[Data entries]

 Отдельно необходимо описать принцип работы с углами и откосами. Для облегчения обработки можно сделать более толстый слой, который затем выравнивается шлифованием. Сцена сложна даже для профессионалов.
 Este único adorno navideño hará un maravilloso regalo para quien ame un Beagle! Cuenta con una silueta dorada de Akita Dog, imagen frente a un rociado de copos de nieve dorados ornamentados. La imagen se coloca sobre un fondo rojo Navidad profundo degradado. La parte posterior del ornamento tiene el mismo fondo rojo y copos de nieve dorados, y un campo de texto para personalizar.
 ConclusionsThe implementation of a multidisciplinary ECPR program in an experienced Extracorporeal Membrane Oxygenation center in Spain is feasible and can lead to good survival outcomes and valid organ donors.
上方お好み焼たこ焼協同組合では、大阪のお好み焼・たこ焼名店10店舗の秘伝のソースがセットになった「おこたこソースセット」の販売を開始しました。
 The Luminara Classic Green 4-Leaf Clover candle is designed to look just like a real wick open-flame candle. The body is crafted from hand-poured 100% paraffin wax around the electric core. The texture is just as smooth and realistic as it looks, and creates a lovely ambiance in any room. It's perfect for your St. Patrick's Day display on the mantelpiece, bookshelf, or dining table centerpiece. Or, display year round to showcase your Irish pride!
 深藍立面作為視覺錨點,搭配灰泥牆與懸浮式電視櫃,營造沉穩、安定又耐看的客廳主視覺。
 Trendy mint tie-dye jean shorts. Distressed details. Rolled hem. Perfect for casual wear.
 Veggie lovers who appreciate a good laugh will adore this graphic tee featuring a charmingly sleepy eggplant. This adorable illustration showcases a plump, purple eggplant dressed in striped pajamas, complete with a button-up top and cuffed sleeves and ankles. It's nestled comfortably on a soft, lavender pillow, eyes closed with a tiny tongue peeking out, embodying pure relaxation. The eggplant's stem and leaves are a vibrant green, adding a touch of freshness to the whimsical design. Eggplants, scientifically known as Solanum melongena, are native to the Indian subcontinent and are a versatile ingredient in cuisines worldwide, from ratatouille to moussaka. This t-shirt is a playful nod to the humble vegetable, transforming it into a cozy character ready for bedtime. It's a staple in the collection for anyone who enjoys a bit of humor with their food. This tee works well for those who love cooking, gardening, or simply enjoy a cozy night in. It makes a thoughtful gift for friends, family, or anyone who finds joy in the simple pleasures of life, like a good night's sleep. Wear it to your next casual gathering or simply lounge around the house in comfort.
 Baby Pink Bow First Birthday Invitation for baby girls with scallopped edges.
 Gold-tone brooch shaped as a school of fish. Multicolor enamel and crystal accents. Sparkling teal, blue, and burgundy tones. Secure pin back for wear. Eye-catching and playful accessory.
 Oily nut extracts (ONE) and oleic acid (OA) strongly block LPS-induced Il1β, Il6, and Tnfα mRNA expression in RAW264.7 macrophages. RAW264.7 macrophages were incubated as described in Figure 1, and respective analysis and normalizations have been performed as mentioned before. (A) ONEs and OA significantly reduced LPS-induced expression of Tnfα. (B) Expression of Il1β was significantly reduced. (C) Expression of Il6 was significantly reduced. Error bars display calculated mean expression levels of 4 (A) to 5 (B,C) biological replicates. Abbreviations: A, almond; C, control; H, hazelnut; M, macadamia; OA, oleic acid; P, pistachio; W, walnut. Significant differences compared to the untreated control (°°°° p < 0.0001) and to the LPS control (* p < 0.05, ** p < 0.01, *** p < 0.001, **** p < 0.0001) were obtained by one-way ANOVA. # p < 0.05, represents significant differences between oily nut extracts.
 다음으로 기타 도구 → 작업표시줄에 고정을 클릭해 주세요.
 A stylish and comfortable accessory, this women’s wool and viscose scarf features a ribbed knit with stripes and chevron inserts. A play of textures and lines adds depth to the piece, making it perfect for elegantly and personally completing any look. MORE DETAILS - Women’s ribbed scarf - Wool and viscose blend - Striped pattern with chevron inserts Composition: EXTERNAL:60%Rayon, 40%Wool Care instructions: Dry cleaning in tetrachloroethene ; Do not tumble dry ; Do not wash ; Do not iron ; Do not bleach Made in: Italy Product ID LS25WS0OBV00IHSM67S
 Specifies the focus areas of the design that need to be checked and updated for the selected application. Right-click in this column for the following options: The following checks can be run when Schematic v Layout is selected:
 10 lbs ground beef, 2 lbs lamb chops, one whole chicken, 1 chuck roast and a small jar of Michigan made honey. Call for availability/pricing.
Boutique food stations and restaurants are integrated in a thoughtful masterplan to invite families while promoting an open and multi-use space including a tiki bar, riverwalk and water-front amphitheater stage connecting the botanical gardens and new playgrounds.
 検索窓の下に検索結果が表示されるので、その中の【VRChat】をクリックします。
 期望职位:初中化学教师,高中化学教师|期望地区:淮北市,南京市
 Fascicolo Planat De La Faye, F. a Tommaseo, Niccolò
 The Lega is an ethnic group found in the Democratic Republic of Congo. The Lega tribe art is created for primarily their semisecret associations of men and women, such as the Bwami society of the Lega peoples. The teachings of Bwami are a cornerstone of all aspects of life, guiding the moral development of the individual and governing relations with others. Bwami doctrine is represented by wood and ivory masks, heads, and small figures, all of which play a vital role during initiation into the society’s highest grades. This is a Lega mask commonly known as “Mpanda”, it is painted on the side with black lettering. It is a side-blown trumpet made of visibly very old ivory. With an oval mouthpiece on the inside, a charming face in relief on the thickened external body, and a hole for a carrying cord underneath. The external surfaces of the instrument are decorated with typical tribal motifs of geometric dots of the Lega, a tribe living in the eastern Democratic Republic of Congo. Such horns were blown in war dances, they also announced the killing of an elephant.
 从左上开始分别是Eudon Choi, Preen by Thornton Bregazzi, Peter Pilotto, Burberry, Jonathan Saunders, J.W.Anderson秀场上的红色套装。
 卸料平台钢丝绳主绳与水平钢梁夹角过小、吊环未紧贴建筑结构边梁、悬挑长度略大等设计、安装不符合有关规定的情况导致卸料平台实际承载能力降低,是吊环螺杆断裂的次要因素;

**WHAT TO PRODUCE**:
Restate the records above word for word, omitting nothing.

**WRITTEN SOLUTION**:
 Отдельно необходимо описать принцип работы с углами и откосами. Для облегчения обработки можно сделать более толстый слой, который затем выравнивается шлифованием. Сцена сложна даже для профессионалов.
 Este único adorno navideño hará un maravilloso regalo para quien ame un Beagle! Cuenta con una silueta dorada de Akita Dog, imagen frente a un rociado de copos de nieve dorados ornamentados. La imagen se coloca sobre un fondo rojo Navidad profundo degradado. La parte posterior del ornamento tiene el mismo fondo rojo y copos de nieve dorados, y un campo de texto para personalizar.
 ConclusionsThe implementation of a multidisciplinary ECPR program in an experienced Extracorporeal Membrane Oxygenation center in Spain is feasible and can lead to good survival outcomes and valid organ donors.
上方お好み焼たこ焼協同組合では、大阪のお好み焼・たこ焼名店10店舗の秘伝のソースがセットになった「おこたこソースセット」の販売を開始しました。
 The Luminara Classic Green 4-Leaf Clover candle is designed to look just like a real wick open-flame candle. The body is crafted from hand-poured 100% paraffin wax around the electric core. The texture is just as smooth and realistic as it looks, and creates a lovely ambiance in any room. It's perfect for your St. Patrick's Day display on the mantelpiece, bookshelf, or dining table centerpiece. Or, display year round to showcase your Irish pride!
 深藍立面作為視覺錨點,搭配灰泥牆與懸浮式電視櫃,營造沉穩、安定又耐看的客廳主視覺。
 Trendy mint tie-dye jean shorts. Distressed details. Rolled hem. Perfect for casual wear.
 Veggie lovers who appreciate a good laugh will adore this graphic tee featuring a charmingly sleepy eggplant. This adorable illustration showcases a plump, purple eggplant dressed in striped pajamas, complete with a button-up top and cuffed sleeves and ankles. It's nestled comfortably on a soft, lavender pillow, eyes closed with a tiny tongue peeking out, embodying pure relaxation. The eggplant's stem and leaves are a vibrant green, adding a touch of freshness to the whimsical design. Eggplants, scientifically known as Solanum melongena, are native to the Indian subcontinent and are a versatile ingredient in cuisines worldwide, from ratatouille to moussaka. This t-shirt is a playful nod to the humble vegetable, transforming it into a cozy character ready for bedtime. It's a staple in the collection for anyone who enjoys a bit of humor with their food. This tee works well for those who love cooking, gardening, or simply enjoy a cozy night in. It makes a thoughtful gift for friends, family, or anyone who finds joy in the simple pleasures of life, like a good night's sleep. Wear it to your next casual gathering or simply lounge around the house in comfort.
 Baby Pink Bow First Birthday Invitation for baby girls with scallopped edges.
 Gold-tone brooch shaped as a school of fish. Multicolor enamel and crystal accents. Sparkling teal, blue, and burgundy tones. Secure pin back for wear. Eye-catching and playful accessory.
 Oily nut extracts (ONE) and oleic acid (OA) strongly block LPS-induced Il1β, Il6, and Tnfα mRNA expression in RAW264.7 macrophages. RAW264.7 macrophages were incubated as described in Figure 1, and respective analysis and normalizations have been performed as mentioned before. (A) ONEs and OA significantly reduced LPS-induced expression of Tnfα. (B) Expression of Il1β was significantly reduced. (C) Expression of Il6 was significantly reduced. Error bars display calculated mean expression levels of 4 (A) to 5 (B,C) biological replicates. Abbreviations: A, almond; C, control; H, hazelnut; M, macadamia; OA, oleic acid; P, pistachio; W, walnut. Significant differences compared to the untreated control (°°°° p < 0.0001) and to the LPS control (* p < 0.05, ** p < 0.01, *** p < 0.001, **** p < 0.0001) were obtained by one-way ANOVA. # p < 0.05, represents significant differences between oily nut extracts.
 다음으로 기타 도구 → 작업표시줄에 고정을 클릭해 주세요.
 A stylish and comfortable accessory, this women’s wool and viscose scarf features a ribbed knit with stripes and chevron inserts. A play of textures and lines adds depth to the piece, making it perfect for elegantly and personally completing any look. MORE DETAILS - Women’s ribbed scarf - Wool and viscose blend - Striped pattern with chevron inserts Composition: EXTERNAL:60%Rayon, 40%Wool Care instructions: Dry cleaning in tetrachloroethene ; Do not tumble dry ; Do not wash ; Do not iron ; Do not bleach Made in: Italy Product ID LS25WS0OBV00IHSM67S
 Specifies the focus areas of the design that need to be checked and updated for the selected application. Right-click in this column for the following options: The following checks can be run when Schematic v Layout is selected:
 10 lbs ground beef, 2 lbs lamb chops, one whole chicken, 1 chuck roast and a small jar of Michigan made honey. Call for availability/pricing.
Boutique food stations and restaurants are integrated in a thoughtful masterplan to invite families while promoting an open and multi-use space including a tiki bar, riverwalk and water-front amphitheater stage connecting the botanical gardens and new playgrounds.
 検索窓の下に検索結果が表示されるので、その中の【VRChat】をクリックします。
 期望职位:初中化学教师,高中化学教师|期望地区:淮北市,南京市
 Fascicolo Planat De La Faye, F. a Tommaseo, Niccolò
 The Lega is an ethnic group found in the Democratic Republic of Congo. The Lega tribe art is created for primarily their semisecret associations of men and women, such as the Bwami society of the Lega peoples. The teachings of Bwami are a cornerstone of all aspects of life, guiding the moral development of the individual and governing relations with others. Bwami doctrine is represented by wood and ivory masks, heads, and small figures, all of which play a vital role during initiation into the society’s highest grades. This is a Lega mask commonly known as “Mpanda”, it is painted on the side with black lettering. It is a side-blown trumpet made of visibly very old ivory. With an oval mouthpiece on the inside, a charming face in relief on the thickened external body, and a hole for a carrying cord underneath. The external surfaces of the instrument are decorated with typical tribal motifs of geometric dots of the Lega, a tribe living in the eastern Democratic Republic of Congo. Such horns were blown in war dances, they also announced the killing of an elephant.
 从左上开始分别是Eudon Choi, Preen by Thornton Bregazzi, Peter Pilotto, Burberry, Jonathan Saunders, J.W.Anderson秀场上的红色套装。
 卸料平台钢丝绳主绳与水平钢梁夹角过小、吊环未紧贴建筑结构边梁、悬挑长度略大等设计、安装不符合有关规定的情况导致卸料平台实际承载能力降低,是吊环螺杆断裂的次要因素;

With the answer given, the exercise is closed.